Newspapers read on Friday morning, Dow rises because of good inflation news. On Saturday they read Dow "collapses" on bad inflation news. Thursday’s gains in the Dow and other big cap indices appeared weak even though the producer inflation news was good news.

When the unwelcome uptick in inflation drove long-term interest rates to 5.92%, that was good enough to take the Dow down –194.00 points on Friday. A loss that will have investors thinking about what to do, at least over the weekend, giving them time to contemplate how the Federal Reserve might react to it all at its meeting Tuesday. Friday's fall erased all the gains amassed in the Dow through Thursday and then some, leaving the average off 118 points for the week at 10,913. If not for the huge advance by IBM, which in effect pronounced itself to be an Internet company, the Dow would have fallen –100.00 points further. The S&P 500 index held up somewhat better, seeing a –7.00 point drop on the week after losing 2% in Friday's sell off.

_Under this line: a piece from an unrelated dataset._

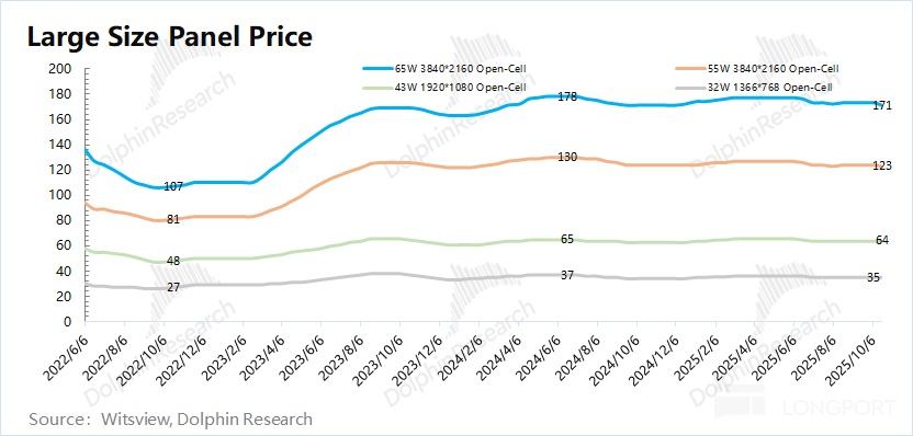 3.面板价格变化:公司的主要营收来自于电视屏幕等大面板,面板价格变动直接影响公司的业绩表现。三季度大面板价格保持相对平稳,其中 65 寸/55 寸/43 寸/32 寸面板价格分别维持在 173/124/64/35 美元。由于下游市场需求相对平淡,面板价格的上涨已经按下了 “暂停键”。
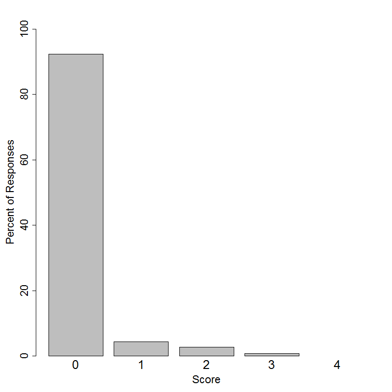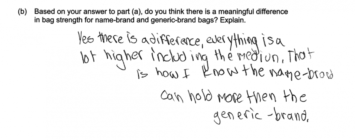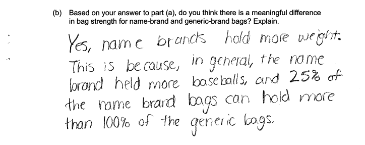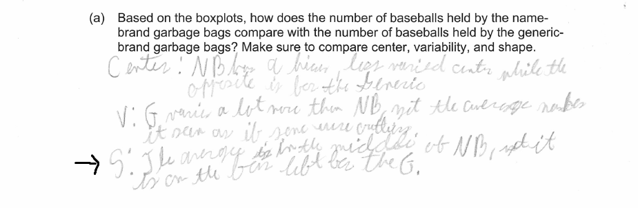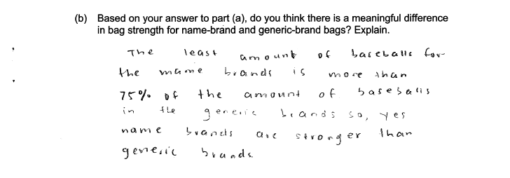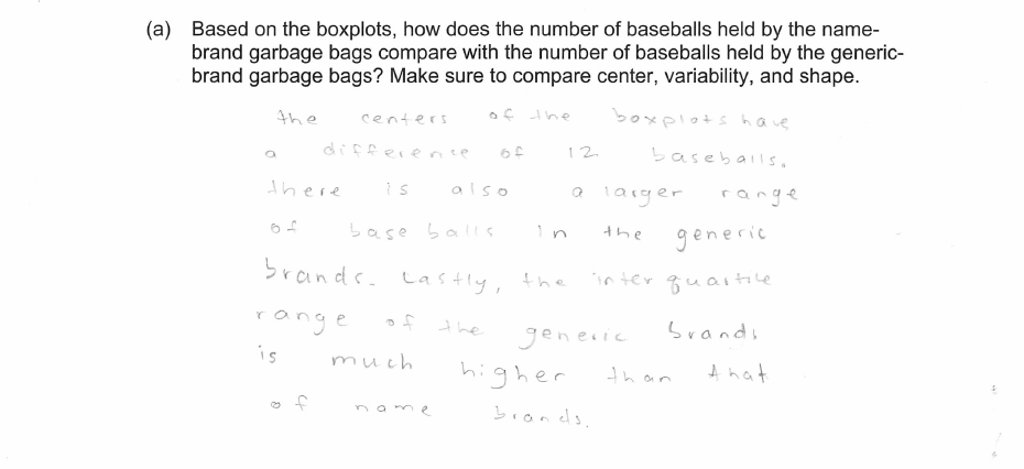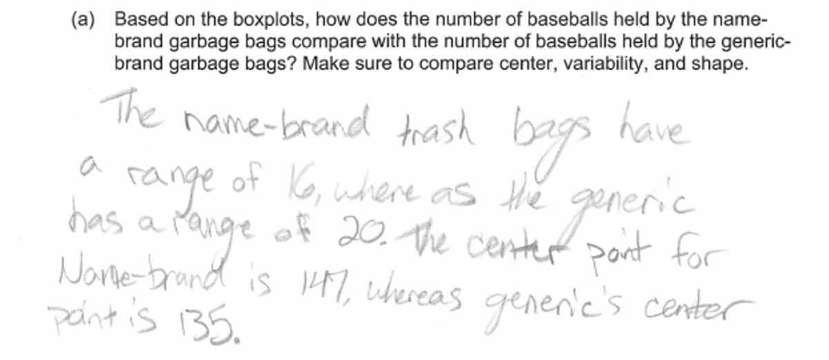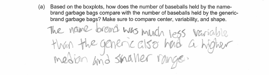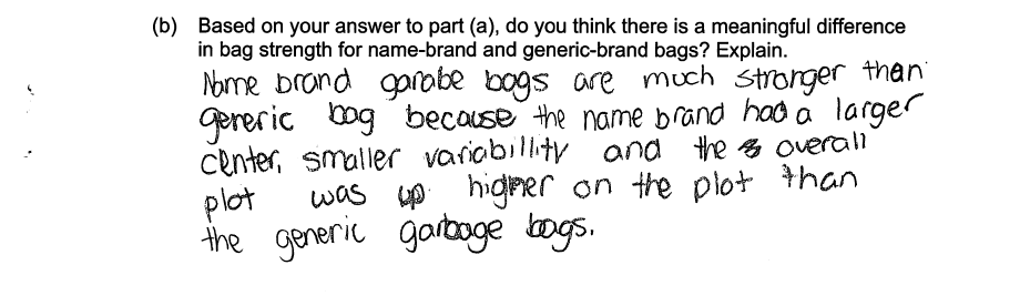 While some students demonstrated the ability to use boxplots to compare distributions, none of the students in the initial administration of this exam provided responses that correctly compared center, variability, AND shape. The following student response shows a fairly good understanding of the concepts assessed by this question and received a score of 3. In part (a), there are comparative statements for both center and a measure of variability (range), but there was no comparison of shape. Therefore, part (a) was scored as partially correct. In part (b), the student indicates that name brand garbage bags are stronger than generic bags. While they make a weak statement about separation in part (b), their last statement in part (a) is used as further support for their argument regarding separation of the boxplots, and part (b) was scored as essentially correct. With one part essentially correct and one part partially correct, this student response received a score of 3.

The consumer price index climbed a strong 0.7% in April, driven by a record 6.1% rise in energy costs. Gasoline prices saw the biggest rise since 1935. It was the biggest CPI gain since October 1990. Even worse, the "core" rate, which excludes energy and food prices, jumped 0.4% after gaining just 0.1% in each of the first three months of 1999. Next came news that industrial production rose 0.6% in April, the strongest advance since the summer of 1998. The capacity utilization rate edged up to 80.6% from a revised 80.4% in March.

Before the release of the CPI number, Globex S&P 500 futures were up but quickly fell to a –20.00 point deficit on the news. I have said for a few years now that the market has taken it for granted that inflation will always remain low and one day they would be surprised. Friday seemed to be that day. Even in an environment of strong productivity gains, there are limits to the economy's growth potential.

One factor that may help to save the market is that one month's data on inflation doesn't provide the Fed with enough information to get an accurate read on inflation. But the breadth of gains in the CPI, along with rising industrial material prices (the Journal of Commerce index reached a six-month high last week), strong U.S. growth and the turnaround in the global economy, give the central bank plenty of reason to adopt a tightening bias.

One thing for sure is that if they do adopt a tightening bias a person could say that the stock market has probably seen its high for the year or at least until the bond market moves away from the 6.00% level. In 1994 the tightening by the Fed first rocked the market but after investors realized that it was a good thing, both bonds and stocks rallied when the Fed actually tightened. It is hard to know how the market will react to an announcement of a tightening bias but with bonds oversold we may see a slight bounce which may support stocks in the short term. If the Fed doesn’t make an announcement it is also hard to tell what the market may do but because the bulls are still basically in charge we could see a rally. Over the longer term we may be entering a period of sideways action, which would be great for our type of trading. Generally May to September is a quiet time for the market, anyhow, as traders are going on holiday’s, etc.

Of note this coming week is the fact that we are very close to April’s expiration close and I mentioned at the beginning of this cycle that we have had 7 straight up expirations and the strongest percentage gains ever so it is time for a break. We only have to fall about 1% on the week to see a lower expiration close. In a way, I’d rather see an up close for the week as then it would make it great for trading in the month of June!!

 Technically

Most Indicators are oversold short term, dailies are mixed and weekly indicators remain overbought. 72% of all the stocks are now above their 50-day moving average. That is overbought, and with that many above, it will be hard for the market to move much higher. The average volume on the NYSE has been tapering off on the higher Dow readings. Typically, that is also a sign that the market is losing momentum.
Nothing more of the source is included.